Moreover, the algorithm was incapable of recognising the face in profile pictures, which
decreased the number of images in the dataset. However, this problem was mitigated
by performing data augmentation.
7.3 Building a Graphical User Interface
The creation of a GUI was divided in two phases: design and implementation. As it was
mentioned, during the design phase, the idea behind the GUI was simplicity. The
interface was thought so that the user could quickly test the application using the
webcam or images from a file without the need of complex menus. This was achieved
by taking the place of the user and thinking how to create an intuitive interface.
Designing the GUI was not as complicated as implementing it given that thinking about
a new design is faster than actually transforming that idea into a real application. The
first problem found was that python was limited in the number of alternatives to create
an appealing interface. Even after finding a reasonable alternative, PyQt, this python
binding did not implement all the capabilities of the Qt library which meant that the GUI
appearance had to be adapted to these limitations.
D i s c u s s i o n | 101
7.4 Future Work
Deep Convolutional Neural Networks are powerful models once hyper parameters have
been tuned correctly. Therefore, one approach to further enhance the results in this
project is to improve the tuning process. As it is suggested in [74], an alternative for
hyper parameters selection is to wrap a “pure” learning algorithm around the DCNN
model to be trained. This would require either modifying the lasagne and nolearn
implementation or building the implementation from the ground up.
Additionally, modifying the facial detection process could improve the accuracy of the
system given that, during the training stage, junk images would be reduced, and during
the AFER system test stage, faces in images containing noisy backgrounds would be
recognised.
The application needs to run on a computer with openCV, cuda, lasagne, nolearn, and
python installed. Therefore, the portability is limited. One option to avoid installing all
those elements is to create a website that replicates the functionality of this application.
Finally, another direction to improve this project is to experiments with different
architectures. In this dissertation, some of them were trained and tested. However,
training these complex architectures was time-consuming. Due to this constraint, it was
only possible to test a limited number of architectures.
102 | C o n c l u s i o n s
Chapter 8. Conclusions
The purpose of this dissertation was to automate the facial expression recognition
process. This was achieved by extensively training and testing several Deep
Convolutional Neural Networks and finding the most suitable hyper parameters.

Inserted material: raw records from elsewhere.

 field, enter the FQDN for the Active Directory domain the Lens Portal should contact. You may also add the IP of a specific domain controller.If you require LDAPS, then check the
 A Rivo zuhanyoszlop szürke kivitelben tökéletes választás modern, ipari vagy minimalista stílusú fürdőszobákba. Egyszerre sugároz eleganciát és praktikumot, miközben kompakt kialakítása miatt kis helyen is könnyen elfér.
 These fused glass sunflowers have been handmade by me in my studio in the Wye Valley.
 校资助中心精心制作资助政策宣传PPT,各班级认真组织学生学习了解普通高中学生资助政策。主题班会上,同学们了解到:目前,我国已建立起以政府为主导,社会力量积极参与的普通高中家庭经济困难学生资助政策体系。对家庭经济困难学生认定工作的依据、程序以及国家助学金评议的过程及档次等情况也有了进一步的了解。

The dissertation focused on seven stages required to build the Automatic Facial
Expression Recognition (AFER) system, namely data collection, pre-processing, system
design, development, training, testing, and evaluation.

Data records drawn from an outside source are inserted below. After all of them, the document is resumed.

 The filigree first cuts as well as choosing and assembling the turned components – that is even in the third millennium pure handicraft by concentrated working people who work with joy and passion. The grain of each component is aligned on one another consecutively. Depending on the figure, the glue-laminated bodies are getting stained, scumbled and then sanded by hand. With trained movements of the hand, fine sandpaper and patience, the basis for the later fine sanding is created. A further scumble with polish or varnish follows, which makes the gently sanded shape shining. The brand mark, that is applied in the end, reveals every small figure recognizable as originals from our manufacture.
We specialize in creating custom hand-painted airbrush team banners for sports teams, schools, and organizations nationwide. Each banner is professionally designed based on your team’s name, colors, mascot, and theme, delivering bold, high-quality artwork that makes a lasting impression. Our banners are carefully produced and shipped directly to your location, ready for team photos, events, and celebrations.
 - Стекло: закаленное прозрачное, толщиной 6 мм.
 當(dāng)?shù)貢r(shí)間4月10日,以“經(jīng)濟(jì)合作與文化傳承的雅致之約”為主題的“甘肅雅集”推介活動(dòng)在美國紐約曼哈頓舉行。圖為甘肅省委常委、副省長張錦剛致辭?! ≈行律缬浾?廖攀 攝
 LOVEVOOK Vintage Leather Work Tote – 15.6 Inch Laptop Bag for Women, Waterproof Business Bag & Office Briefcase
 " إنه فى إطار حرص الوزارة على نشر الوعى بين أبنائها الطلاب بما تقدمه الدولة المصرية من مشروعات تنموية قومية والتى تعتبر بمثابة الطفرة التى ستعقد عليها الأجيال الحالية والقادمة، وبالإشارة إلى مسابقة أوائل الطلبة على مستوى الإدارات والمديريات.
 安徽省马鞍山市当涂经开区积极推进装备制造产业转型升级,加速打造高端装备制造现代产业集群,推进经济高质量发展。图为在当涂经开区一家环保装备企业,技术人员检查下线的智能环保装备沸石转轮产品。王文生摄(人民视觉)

One of the most crucial parts on this dissertation was the background which defined and
delimited this project. Moreover, it provided the ideas from experts in the field of
machine learning, and in particular, neural networks, to implement during the training
and testing stages.
The experimental section was performed using two benchmark datasets: the JAFFE
and KDEF datasets. The results obtained from these tests demonstrated that it is critical
to apply different techniques in order to avoid overfitting and increase accuracy.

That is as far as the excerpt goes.